START MATERIAL TO PROCESS
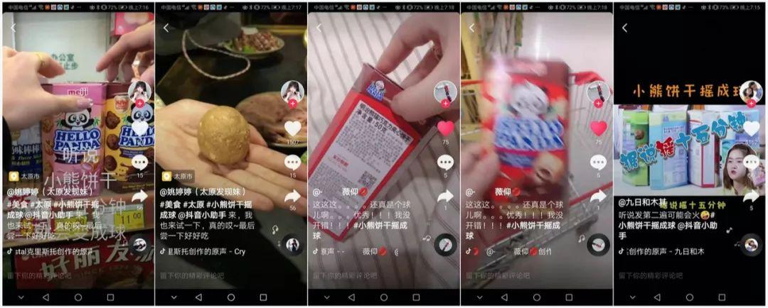 與此同時(shí),抖音話題挑戰(zhàn)賽的出現(xiàn),也讓抖友們有了集體參與的榮譽(yù)感。每一次抖友上傳的“把小熊餅干搖成球”的活動(dòng),無論成功或失敗,都能收到許多贊。這一刻,明治小熊餅干儼然成為了社交工具,它把相同類別的人聚集在了一起。
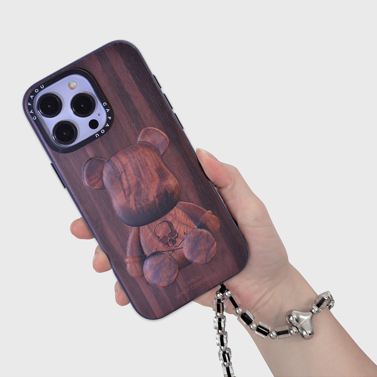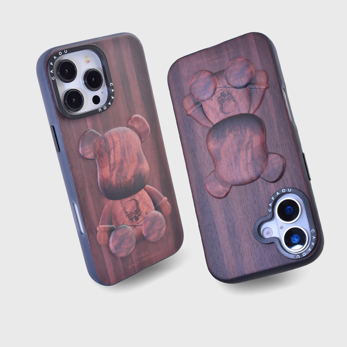 iPhone 16 Pro Max Bear Case with Magnetic Wood Grain Design
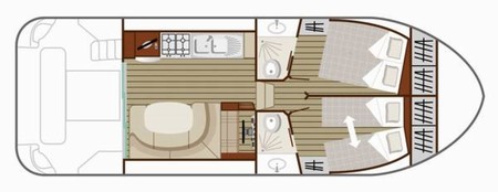 Nicols Quattro B + (Nicols) er fra kategorien Estivale, som er luksus-serien hos Nicols. Bådene er med det bedste udstyr og med megen komfort. Solterrassen bagerst i båden er i samme niveau som loungen, og den har solsejl/solmarkise, bord med stole, udvendig bruser og badestige. Der er ligeledes en fin terrasse i stævnen. Alle modeller har DVD-afspiller, elektriske toiletter, udendørs bruser og landstrøm. Båden har airkondition med landstrøm, dvs kun muligt når man ligger i havn/base.
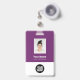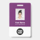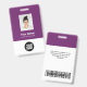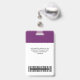 Personnalisez facilement ce Badge Violet Personnalisé de nom d'employé avec Photo, Scan Bar Code et logo d'entreprise. Un design d'entreprise simple dans les couleurs violet et blanc standard entièrement personnalisable en tailles avant et arrière, sans-serif polices de base et moderne et un look professionnel et clair. Disponible avec cordon, clip métallique ou avec rétractable. Pas de commande minimum.
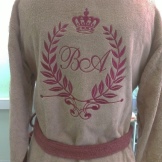 The delicate pink shade of this dressing gown emphasizes the skin color and is elegantly combined with dark long hair. The functional loops into which the belt is threaded will not allow it to fall, even when it is untied, and the diminutive shape of the owner’s name, embroidered on the back, reminds us that there is a piece of the young princess in each woman.
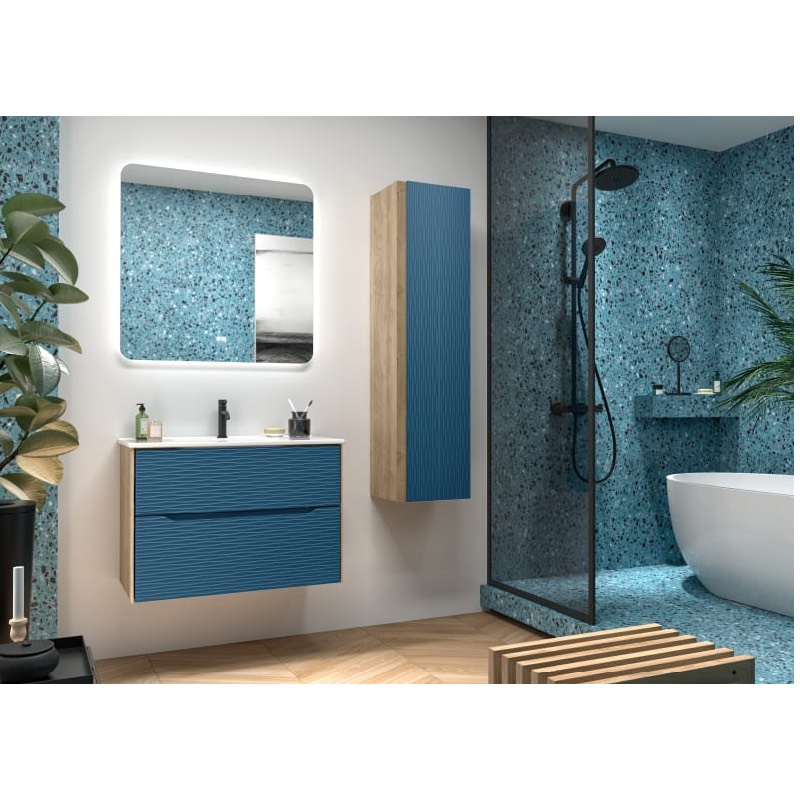 Disponemos de varias medidas de mueble para que encuentres la opción que mejor se adapte a tu baño:80 o 100 cm de ancho, con un fondo de 46 cm y una altura de 55 cm. El conjunto también incluye 2 cajones con cierre suave amortiguado y guías Grass originales, con un acabado interior textil que añade un toque de sofisticación.
END MATERIAL TO PROCESS
EXERCISE: Return only the lines from the start of the data through the line that contains "Nicols Quattro B + (Nicols)", please, copying them exactly and omitting all pictures.

YOUR RESPONSE:
 與此同時(shí),抖音話題挑戰(zhàn)賽的出現(xiàn),也讓抖友們有了集體參與的榮譽(yù)感。每一次抖友上傳的“把小熊餅干搖成球”的活動(dòng),無論成功或失敗,都能收到許多贊。這一刻,明治小熊餅干儼然成為了社交工具,它把相同類別的人聚集在了一起。
 iPhone 16 Pro Max Bear Case with Magnetic Wood Grain Design
 Nicols Quattro B + (Nicols) er fra kategorien Estivale, som er luksus-serien hos Nicols. Bådene er med det bedste udstyr og med megen komfort. Solterrassen bagerst i båden er i samme niveau som loungen, og den har solsejl/solmarkise, bord med stole, udvendig bruser og badestige. Der er ligeledes en fin terrasse i stævnen. Alle modeller har DVD-afspiller, elektriske toiletter, udendørs bruser og landstrøm. Båden har airkondition med landstrøm, dvs kun muligt når man ligger i havn/base.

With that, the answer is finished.